US education in crisis mode. 28th December 2021, (Image Composite, PressTV)

The US education sector was already in crisis mode long before the pandemic, on top of the traditional issues, such as high college debt, it's also facing new ones such as pandemic shutdowns and growing controversies over curriculum, masks and vaccines.

Therefore, it should come as no surprise that in the 2020-2021 academic year international student enrollment at US universities fell by an incredible 15%.

Now the status of education in general is reportedly deteriorating making certain activists and politicians wonder what needs to be done. But despite all efforts by certain progressive lawmakers, high student loans just keep adding to the burden of those seeking knowledge in American universities.

Dr. Jameson Brewer is Assistant Professor of Social Foundations of Education at the University of North Georgia with expertise in education policy, surrounding issues of public schools, the privatization of schools and issues of equity and justice.

What is your take on the expenses of education in a ‘developed’ country such as America?

In thinking about what it takes, in terms of financial cost to educate, it is something that I think every country should consider.

In fact, consider the ability to increase because whatever it is that we spend in education is a direct investment, not just into our current children and our societies and countries, but it's a direct investment in the future.

I do think that there are some ways that the United States can think through how to more adequately and equitably fund education across different districts that tend to still remain segregated based on race and class lines.

Dr Jameson Brewer, Assistant Professor, Social Foundations of Education, University of North Georgia

The US education system used to be held in high esteem. But today there is ample evidence to suggest that American schools perform worse than schools in many other countries.

The US comes near the bottom of the industrialized nations ranking on international tests of academic achievement in the sciences and mathematics, such as the SAT.

Personally, I think that there could be conversations about reducing some of the administrative bloat that has grown over the past couple of decades.

But then again, the money that we spend here in the United States on education should be understood as a direct investment. Not just in our current children, but who those children will become in future society as adults.

Dr Jameson Brewer, Assistant Professor, Social Foundations of Education, University of North Georgia

Meanwhile, the country consumes more resources than any other school system in the developed world.

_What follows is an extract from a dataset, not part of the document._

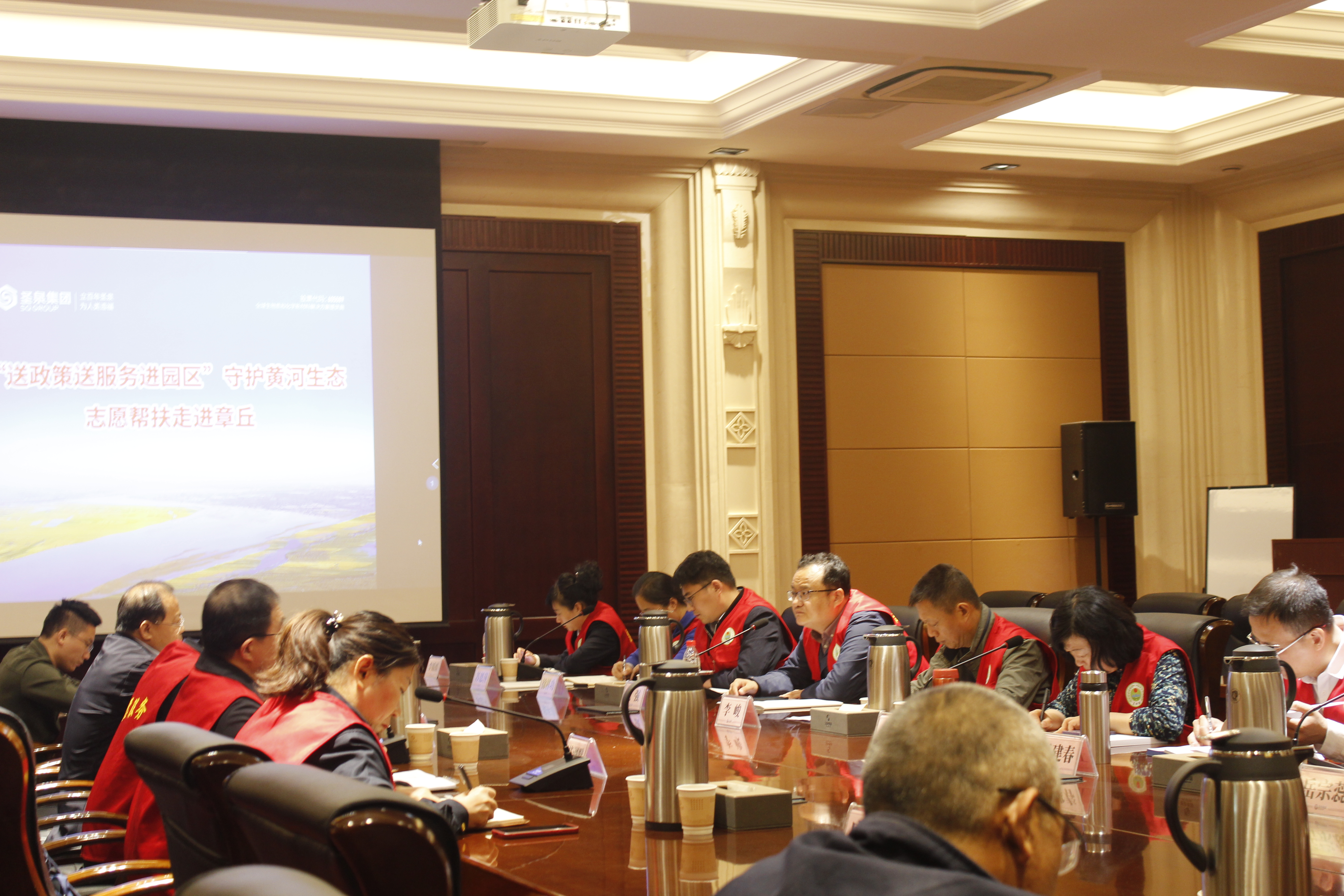 志愿服务队第一站来到章丘区刁镇化工园,在刁镇化工园区的会议室内,“送政策、送服务、进园区”守护黄河生态志愿帮扶座谈会如期开展。座谈会上,刁镇化工产业园管理办公室主任马俊利介绍了园区基本情况与重点环境问题,随后,省环境评审中心李峻主任就园区环境重难点问题发表讲话,最后,孔强等专家学者结合刁镇化工产业园实际,开展了黄河流域生态保护和高质量发展政策宣贯,为园区管委会和企业送上文件汇编,现场解答了园区企业有关环评办理、日常管理等方面的问题。会后,志愿服务队来到企业污水处理站,指导企业做好环境污染风险防范、污染治理设施运行维护等方面工作。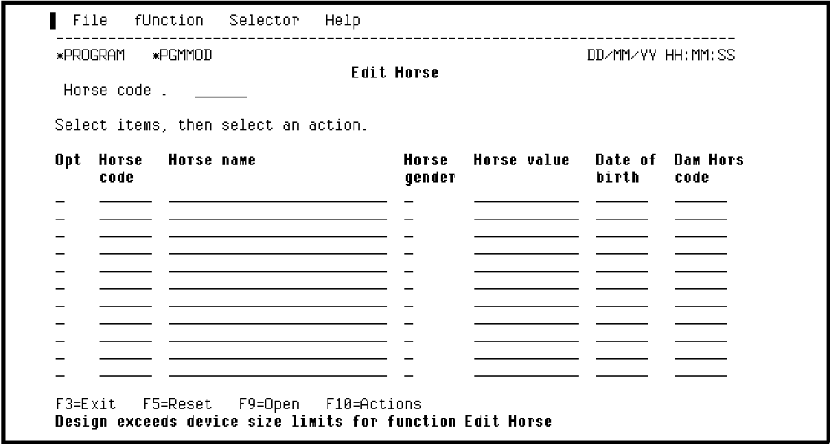 By default, only 80 characters of the panel design may be displayed at one time. You can move the panel window to display more of the panel design by pressing F4, which moves the window 40 columns to the right. Pressing F4 again moves the subfile record another 40 columns to the right. Pressing F1 moves the panel design 40 columns to the left.

An increasing number of American schools have declined in quality or have been bested by school systems in other countries.

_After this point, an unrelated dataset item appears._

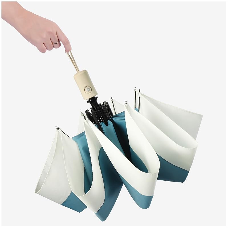 - Automatic Open and Close Folding Umbrella: The parasol can be opened and closed with a single touch, so you can use it with one hand, without any stress when you open the umbrella. It is very convenient when you get in or out of a car or when you have only one hand. Keep it in your regular commuting bag or in your car for emergency weather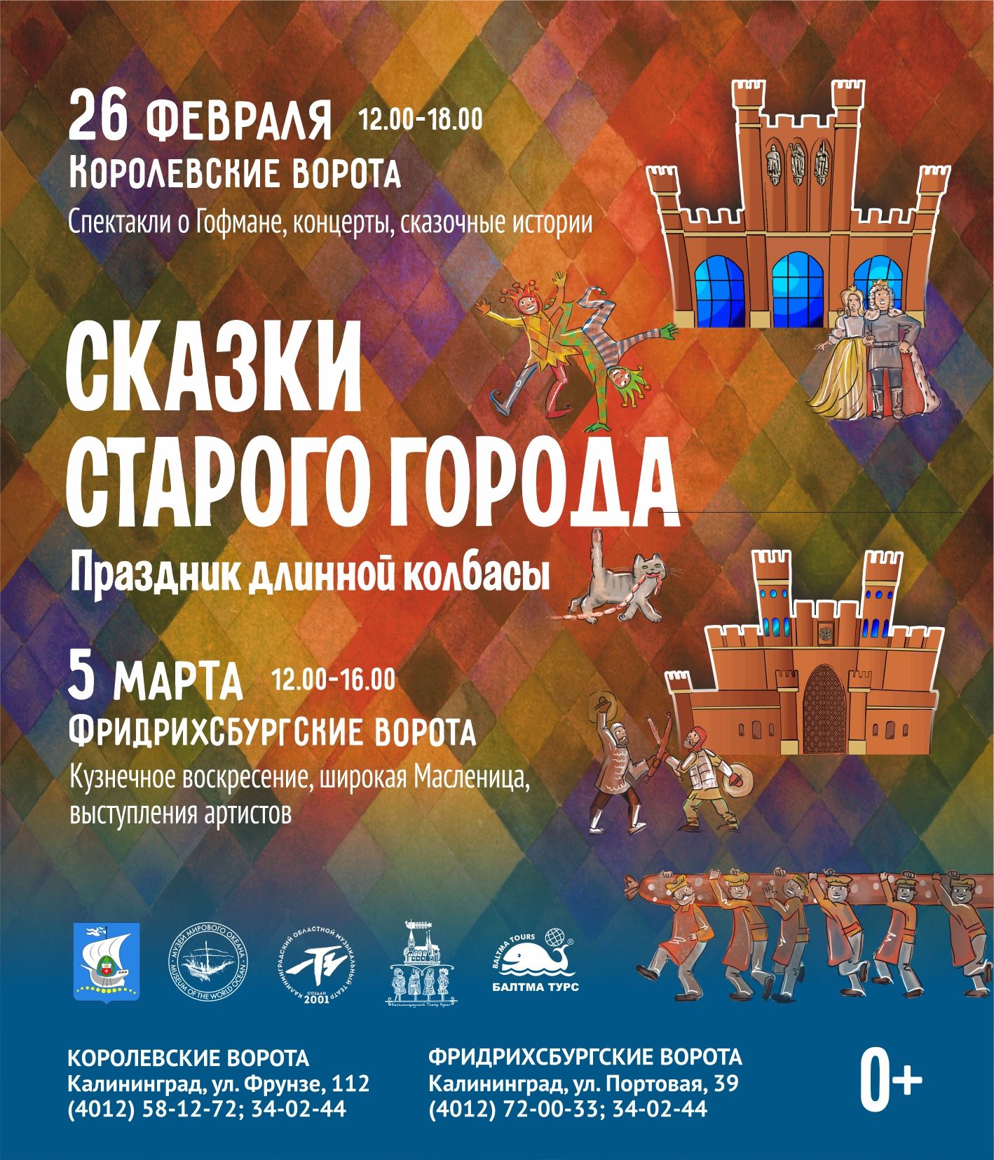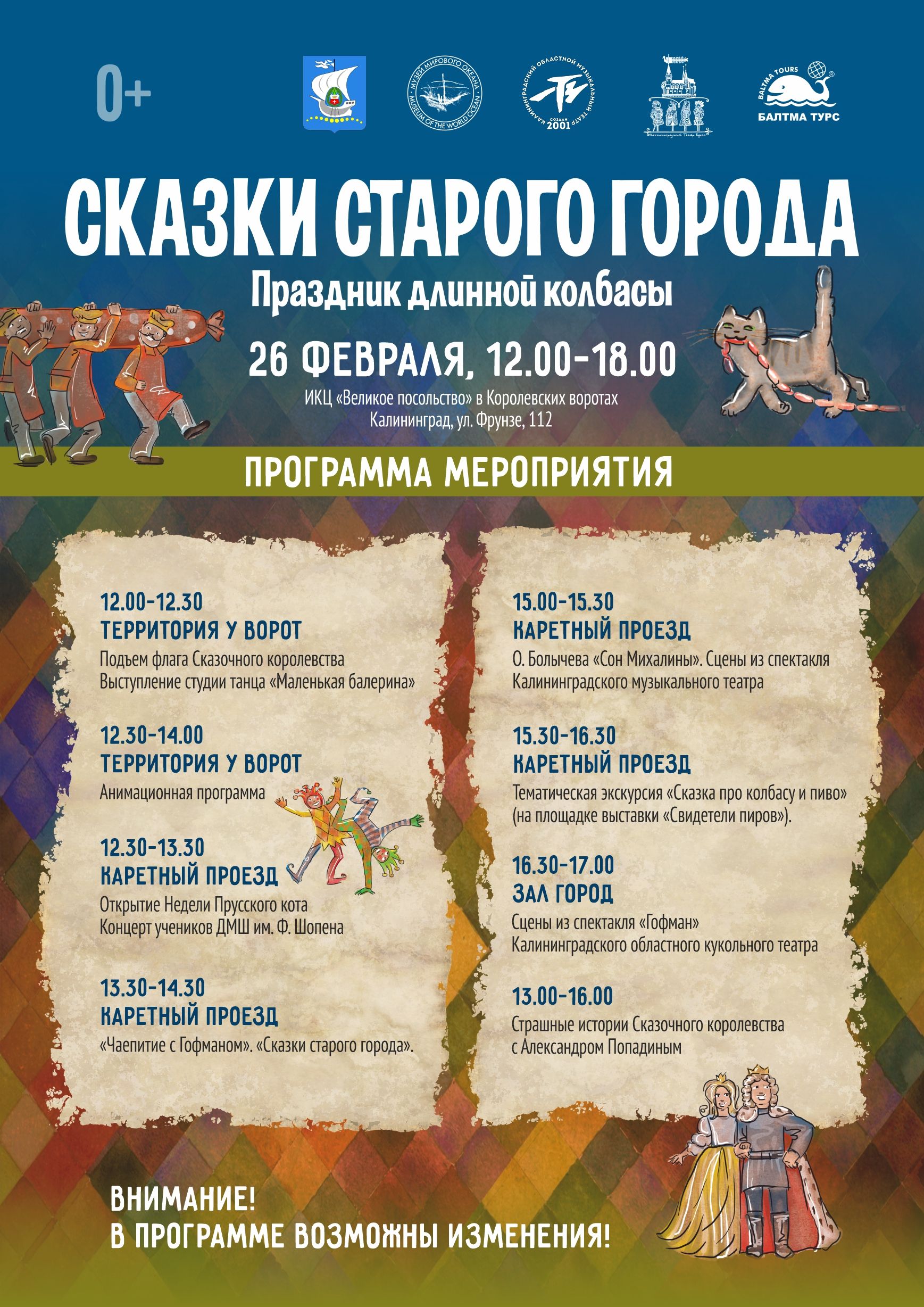 Жители и гости города приглашаются отведать самых вкусных сказок и приключений. Полюбившийся многим праздник «Сказки старого города, или Праздник длинной колбасы» снова позовет всех под знамена Сказочного королевства на территории двух ворот - объектов Музея Мирового океана.

With politicians mostly remaining ignorant of the issue, American schools are less efficient than those of many other countries.

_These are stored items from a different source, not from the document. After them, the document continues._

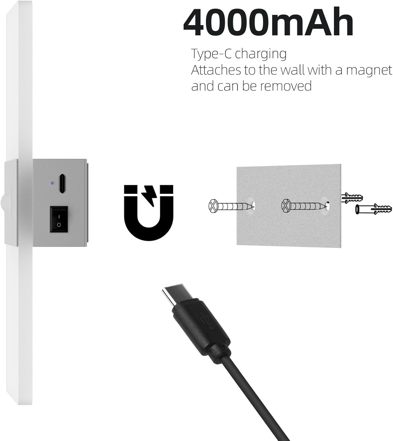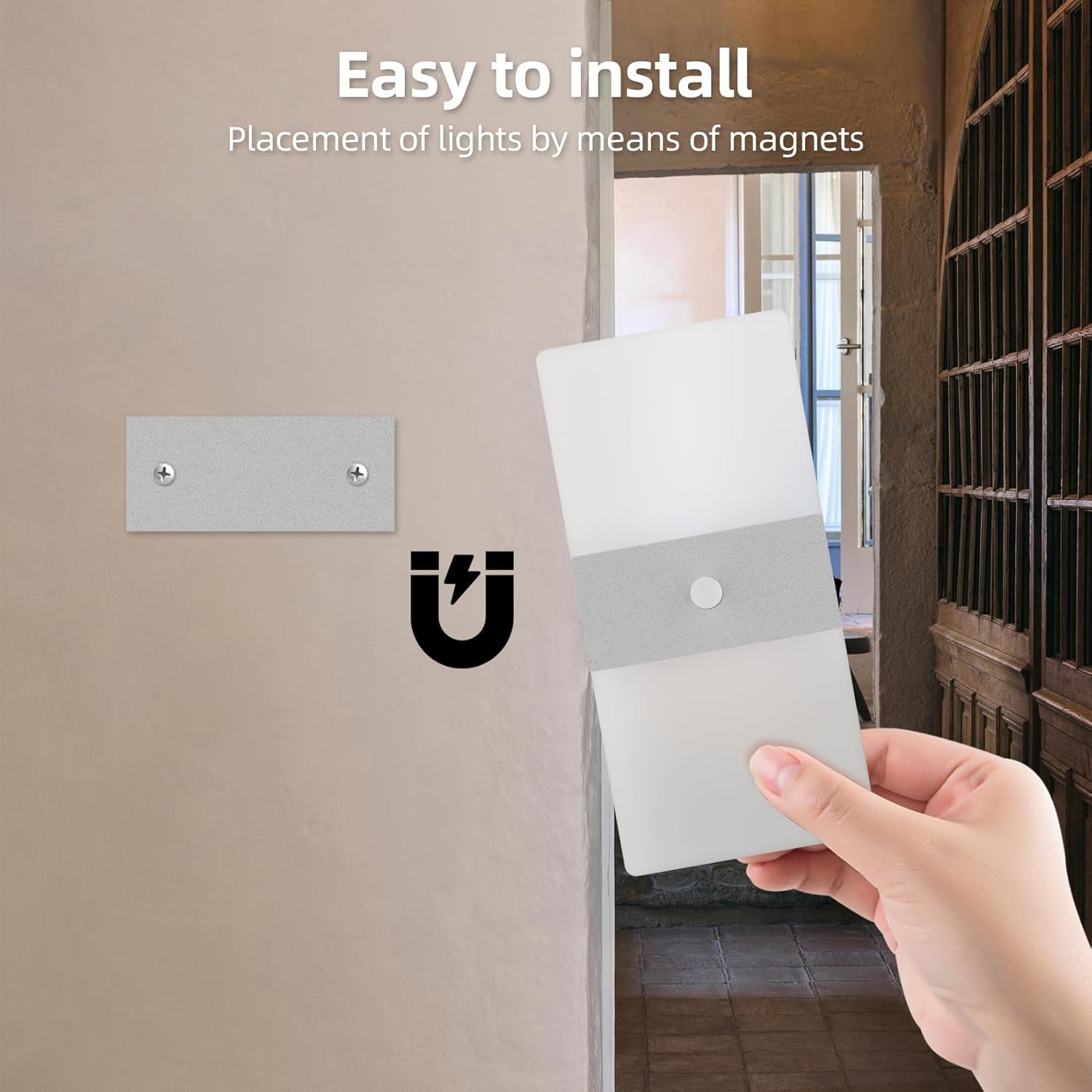 - š”ćEasy Installationć1.Use the included screws to secure the iron piece of the base to the wall.2.Magnetic adsorption, the battery wall light lamp body can be easily adsorbed to the base by the built-in magnet, so it can be effortlessly mounted on any iron surface.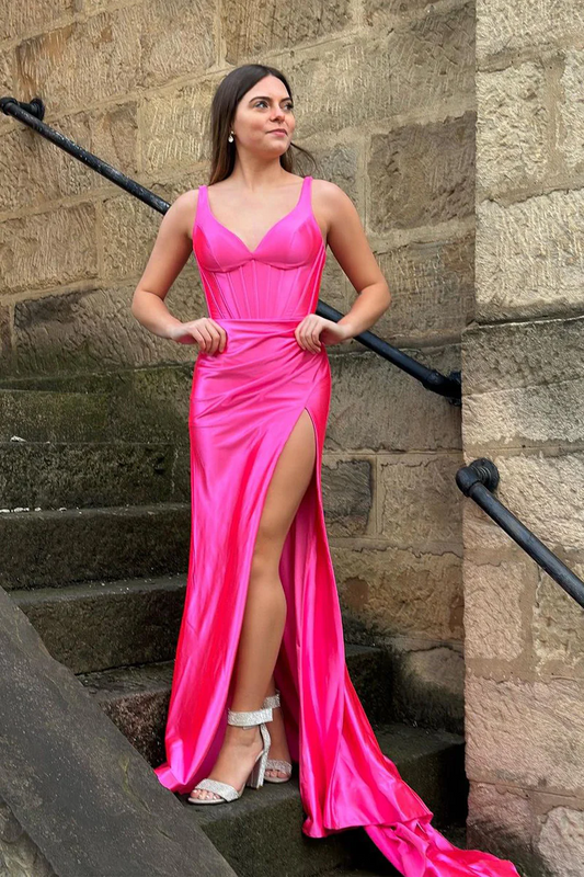 Fuchsia V Neck Mermaid Long Prom Dresses with Slit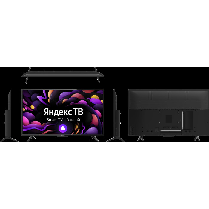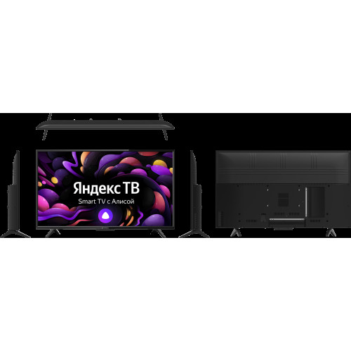 SMART TV с Яндекс-платформой; 4-х ядерный мощный смарт процессор; голосовой ассистент Алиса; поддержка DRM; Супертонкая фронтальная рамка; тонкий корпус с оптической глубиной 20мм; подписка Яндекс Плюс на 3 мес. Диагональ 38,5" (99 см). Разрешение 1366x768. Стандарт разрешения экрана HD. Соотношение сторон 16:9. Тип подсветки Direct LED. Яркость экрана 250 кд/м2. Контрастность 3000:1. Время отклика матрицы 8 мс. Углы обзора 178/178 град. Частота обновления 60 Гц. Цифровой тюнер DVB-T2 есть. Кабельный тюнер DVB-C есть. Спутниковый тюнер DVB-S2 есть. Мощность акустики 2 x 10 Вт. Акустическая схема 2.0. Встроенный Wi-Fi есть. Встроенный Bluetooth есть. Операционная система Яндекс. ТВ. Поддержка SMART TV есть. Объем оперативной памяти 1 ГБ. Объем встроенной памяти 8 ГБ. Голосовой помощник есть. Коммутация USB2.0 x2; HDMI x2; LAN; CI+; композитный; компонентный; наушники. Поддержка форматов USB: DVD видео (VOB), MPEG2/MPEG4 (AVI, MPG), H.264 (MKV, MPG), H.265 HEVC, Dolby Digital+, AC3, mp3, JPG. Поддержка жестких дисков (с доп. питанием) до 1Тб. VESA 200x100.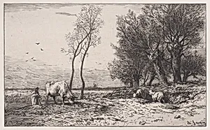 Charles-Émile Jacque (1813–1894) was a pioneering French painter, engraver, and illustrator whose career bridged the worlds of printmaking and pastoral painting. Born in Paris amid a difficult childhood, he apprenticed at age seventeen to a map engraver, mastering drypoint technique and producing his first etching in 1830—a copy of a head after Rembrandt. After serving seven years in the French Ar...

Education low priority for US establishment

Garland Nixon is a radio talk show host and political analyst, an outspoken civil libertarian and First Amendment advocate, currently serving on the National Board of Directors for the American Civil Liberties Union, ACLU.

As you know, education in the US remains quite expensive, unlike many other countries, what do you consider to be contributing factors to such a state of affairs?

I think the principal reason is because the federal government does not prioritize education.

If you look at our budget as an example, In 2020, the military budget was about $730 billion. The education budget was about 11% of that is $74 billion.

So the big problem, I think, is that the United States doesn't spend the money necessary to upgrade our educational facilities, to provide,... the simple  day to day needs in the classroom, oftentimes, aren't met for the students and teachers.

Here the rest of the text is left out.